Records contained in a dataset
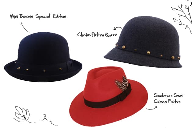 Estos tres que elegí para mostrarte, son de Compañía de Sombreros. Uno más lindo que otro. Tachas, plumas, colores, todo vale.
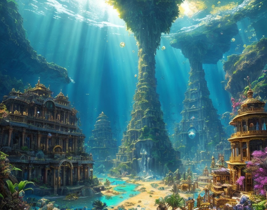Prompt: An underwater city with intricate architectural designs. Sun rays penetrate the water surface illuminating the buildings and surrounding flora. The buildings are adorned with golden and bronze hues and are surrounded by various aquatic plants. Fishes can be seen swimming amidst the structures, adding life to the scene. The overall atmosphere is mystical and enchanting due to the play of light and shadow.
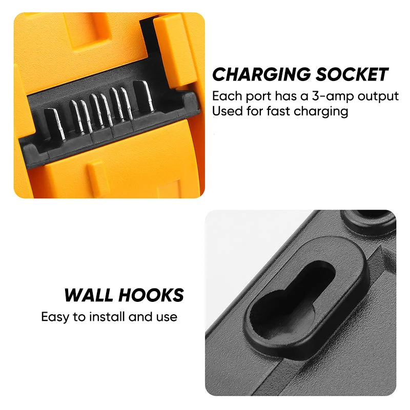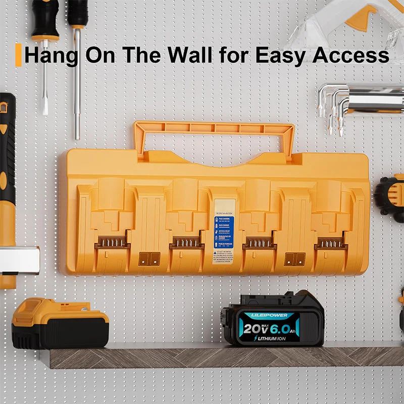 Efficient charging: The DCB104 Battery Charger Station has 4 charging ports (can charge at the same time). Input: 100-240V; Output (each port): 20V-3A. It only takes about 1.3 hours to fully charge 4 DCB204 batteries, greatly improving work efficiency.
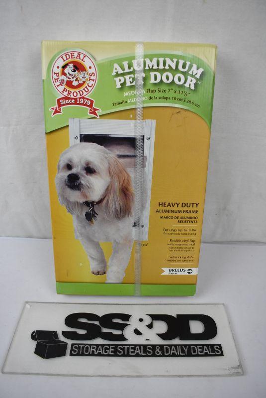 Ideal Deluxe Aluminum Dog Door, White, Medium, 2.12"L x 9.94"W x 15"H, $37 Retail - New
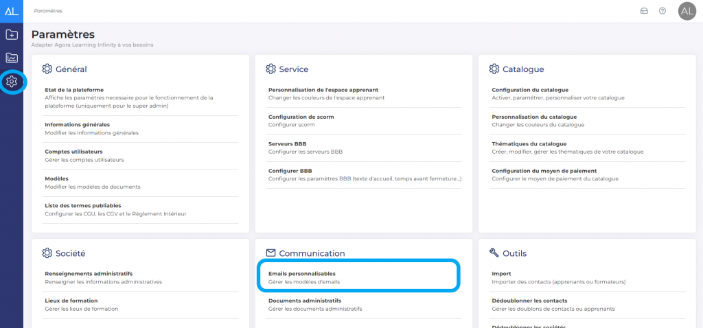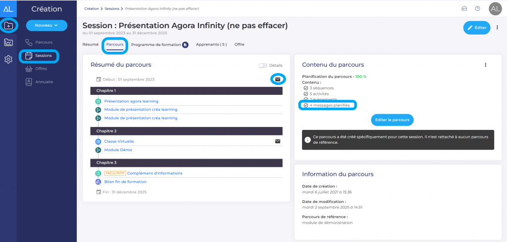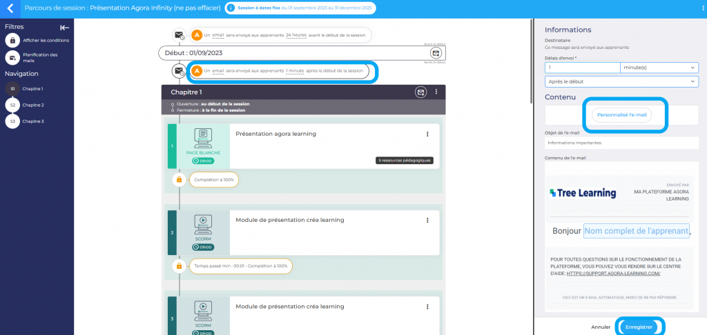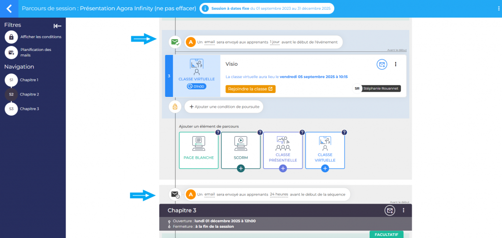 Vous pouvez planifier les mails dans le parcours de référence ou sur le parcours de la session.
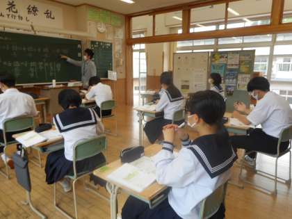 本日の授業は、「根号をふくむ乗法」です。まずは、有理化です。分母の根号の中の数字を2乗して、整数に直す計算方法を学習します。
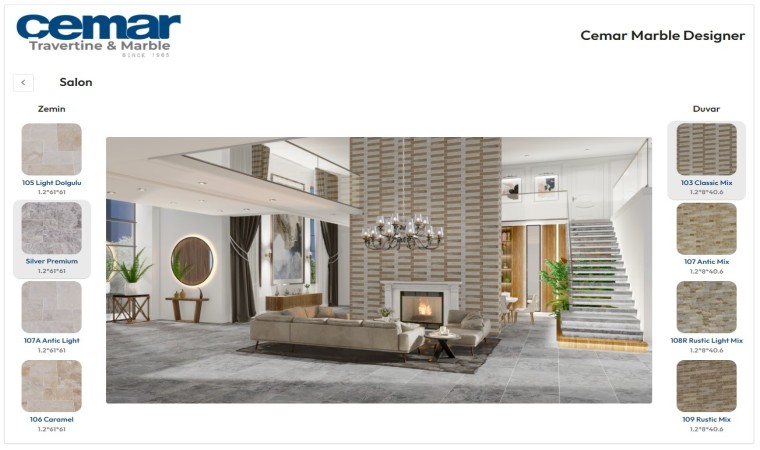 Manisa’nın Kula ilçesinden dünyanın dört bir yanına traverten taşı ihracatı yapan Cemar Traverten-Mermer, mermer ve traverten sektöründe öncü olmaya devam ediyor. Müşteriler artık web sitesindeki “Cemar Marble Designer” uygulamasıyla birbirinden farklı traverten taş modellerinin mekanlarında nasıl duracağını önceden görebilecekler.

» **What you will do**
Reproduce every line above exactly, pictures excluded.

» **Answer to the exercise**
 Estos tres que elegí para mostrarte, son de Compañía de Sombreros. Uno más lindo que otro. Tachas, plumas, colores, todo vale.
Prompt: An underwater city with intricate architectural designs. Sun rays penetrate the water surface illuminating the buildings and surrounding flora. The buildings are adorned with golden and bronze hues and are surrounded by various aquatic plants. Fishes can be seen swimming amidst the structures, adding life to the scene. The overall atmosphere is mystical and enchanting due to the play of light and shadow.
 Efficient charging: The DCB104 Battery Charger Station has 4 charging ports (can charge at the same time). Input: 100-240V; Output (each port): 20V-3A. It only takes about 1.3 hours to fully charge 4 DCB204 batteries, greatly improving work efficiency.
 Ideal Deluxe Aluminum Dog Door, White, Medium, 2.12"L x 9.94"W x 15"H, $37 Retail - New
 Vous pouvez planifier les mails dans le parcours de référence ou sur le parcours de la session.
 本日の授業は、「根号をふくむ乗法」です。まずは、有理化です。分母の根号の中の数字を2乗して、整数に直す計算方法を学習します。
 Manisa’nın Kula ilçesinden dünyanın dört bir yanına traverten taşı ihracatı yapan Cemar Traverten-Mermer, mermer ve traverten sektöründe öncü olmaya devam ediyor. Müşteriler artık web sitesindeki “Cemar Marble Designer” uygulamasıyla birbirinden farklı traverten taş modellerinin mekanlarında nasıl duracağını önceden görebilecekler.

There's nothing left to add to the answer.